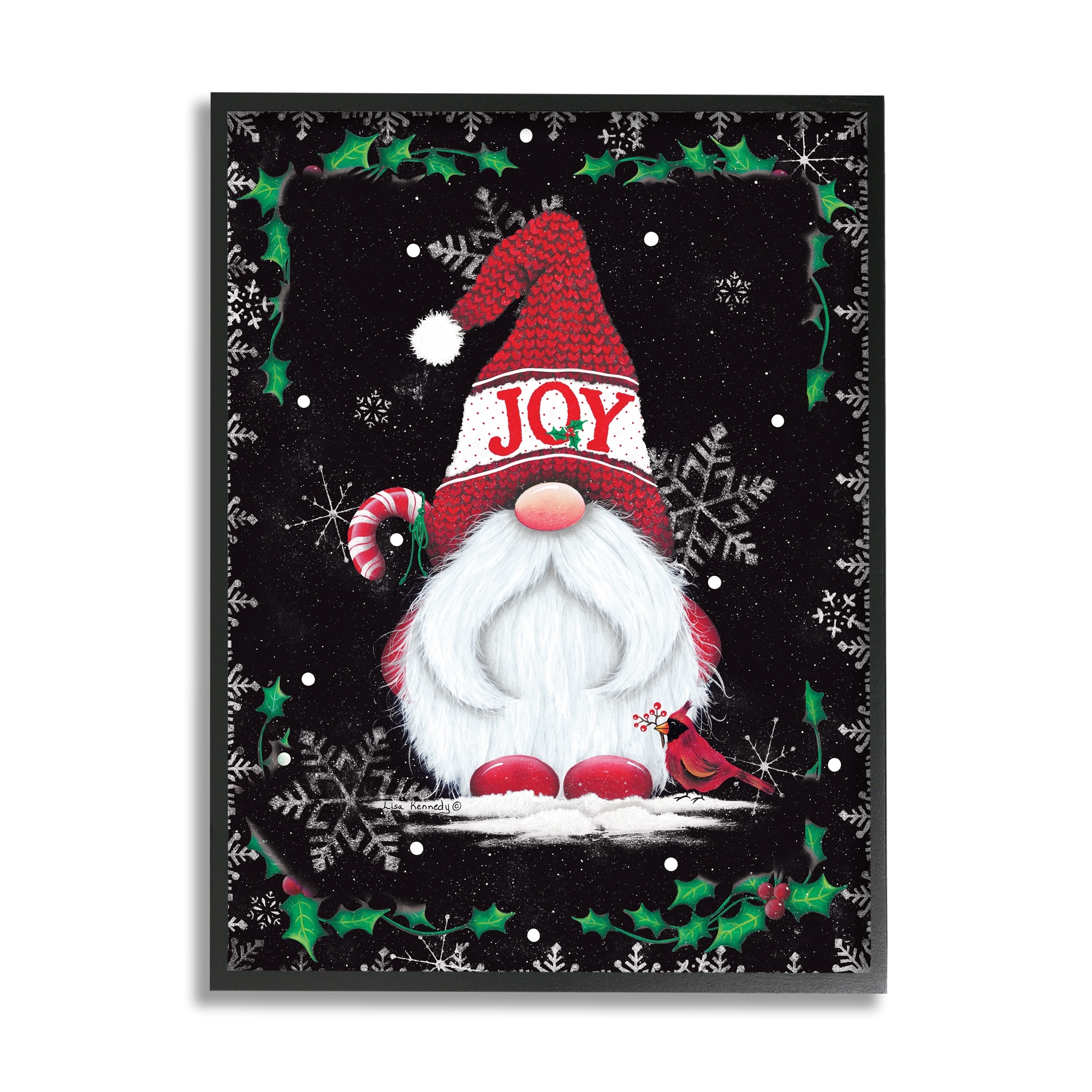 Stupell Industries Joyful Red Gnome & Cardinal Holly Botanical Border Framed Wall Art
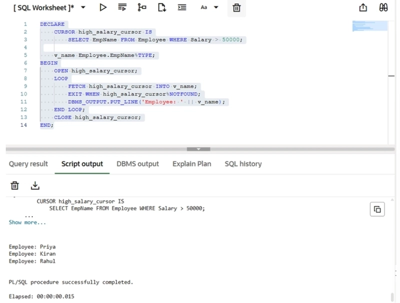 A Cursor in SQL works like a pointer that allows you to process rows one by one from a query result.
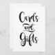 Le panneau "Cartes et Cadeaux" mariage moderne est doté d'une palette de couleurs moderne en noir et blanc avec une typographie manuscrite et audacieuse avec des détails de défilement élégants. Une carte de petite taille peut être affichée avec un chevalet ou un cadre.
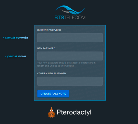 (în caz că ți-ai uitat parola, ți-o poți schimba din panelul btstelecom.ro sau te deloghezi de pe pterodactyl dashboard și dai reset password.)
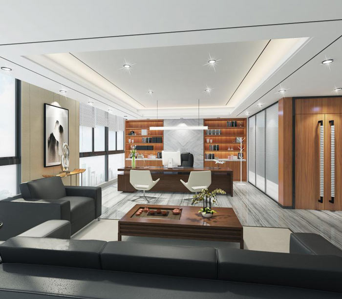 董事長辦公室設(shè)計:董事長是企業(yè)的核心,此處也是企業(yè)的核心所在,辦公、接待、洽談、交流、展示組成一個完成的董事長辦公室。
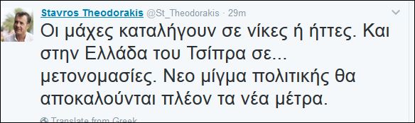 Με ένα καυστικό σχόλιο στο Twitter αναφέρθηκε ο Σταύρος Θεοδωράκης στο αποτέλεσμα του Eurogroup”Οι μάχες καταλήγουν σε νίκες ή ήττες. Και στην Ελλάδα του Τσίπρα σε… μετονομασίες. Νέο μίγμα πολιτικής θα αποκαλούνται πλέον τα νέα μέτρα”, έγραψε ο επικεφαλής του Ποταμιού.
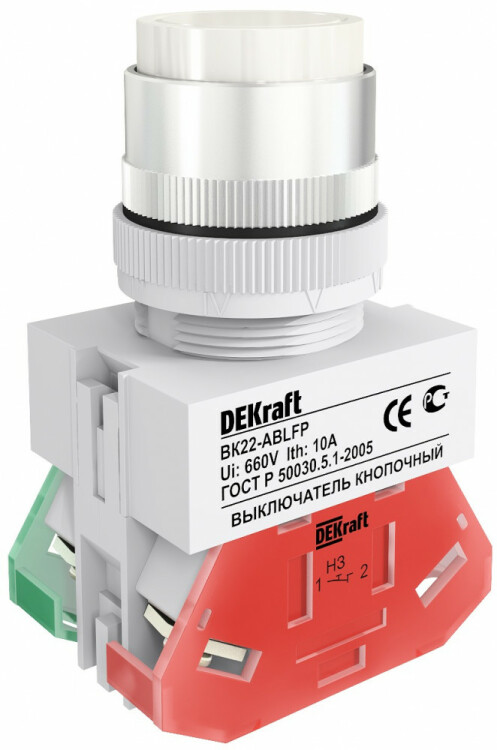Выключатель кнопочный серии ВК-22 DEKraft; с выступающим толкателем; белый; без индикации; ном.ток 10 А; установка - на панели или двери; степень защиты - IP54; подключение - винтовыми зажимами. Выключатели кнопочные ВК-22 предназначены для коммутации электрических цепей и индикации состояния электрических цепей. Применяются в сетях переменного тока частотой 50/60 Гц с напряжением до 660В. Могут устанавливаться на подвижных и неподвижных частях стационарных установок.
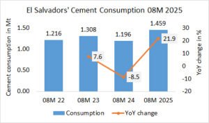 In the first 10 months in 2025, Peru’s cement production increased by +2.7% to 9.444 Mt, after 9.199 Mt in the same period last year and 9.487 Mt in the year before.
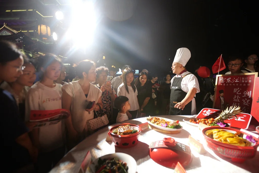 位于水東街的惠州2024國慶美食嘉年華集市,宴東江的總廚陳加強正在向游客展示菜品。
━━━━━━━━━━━━━━━━━━━━━━━━━━━━━━
## EXERCISE
Word for word, write out the lines above running from the one with "(în caz că ți-ai" up to and including the one with "董事長辦公室設(shè)計:董事長是企業". Drop any picture.

## RESPONSE AREA
 (în caz că ți-ai uitat parola, ți-o poți schimba din panelul btstelecom.ro sau te deloghezi de pe pterodactyl dashboard și dai reset password.)
 董事長辦公室設(shè)計:董事長是企業(yè)的核心,此處也是企業(yè)的核心所在,辦公、接待、洽談、交流、展示組成一個完成的董事長辦公室。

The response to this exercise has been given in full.